On your price list I saw another model coming up. It seems you're planning on a new flagship phono stage called Horizon.
Yes but we're waiting until the VP4 is fully accepted by the market meaning users and reviewers. Only then can we finally put it aside, treat it as a finished product and move on. We will add some parts and features we couldn't fit into the VP4 and lock them up in a bigger, more expensive, heavier and more complex case.
What extra features are we talking about?
For example not 5 but 10 load settings. Would this be added value from your perspective? There are different approaches to that issue.
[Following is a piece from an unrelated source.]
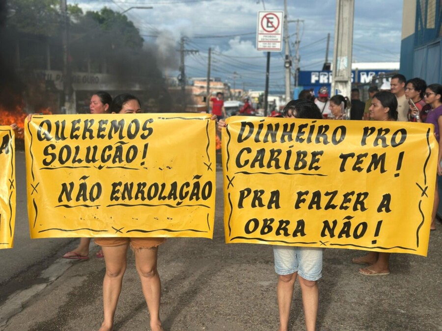 Com faixas e cartazes com palavras de ordem, os moradores fecharam a avenida e cobraram o prefeito David Almeida (Avante), por uma solução imediata para os problemas de infraestrutura no bairro.

I know some designers, mostly Japanese, who offer only 100Ω for MC because in their experience changing loading to other values has such a small impact on the sound that it's not worth their time to design and build in such adjustments.
I agree but we offer what most customers want.
What about gain? Other manufacturers often adjustable gain. The minimalist version is a toggle between "high" and "low". Your gain is not adjustable.
Some say that a phono stage is really a line stage with a phono input. Once we had a power amplifier and a preamplifier before it that featured a tape/recording input, another for a TV, digital inputs and phono inputs for MM/MC. All these features we built into a preamplifier but ultimately all signal went through the final gain stage which today we call a line stage that also features a volume control. What we built is an orthodox phono stage with no gain adjustment, no volume control and a super-simple super-specialized circuit. But yes, we do wonder whether adding a volume control is a good idea although we also realize that would mean doubling up on an amplifier with a volume control. In such a case there would be two volume controls in series so we'd need some form of bypass for ours.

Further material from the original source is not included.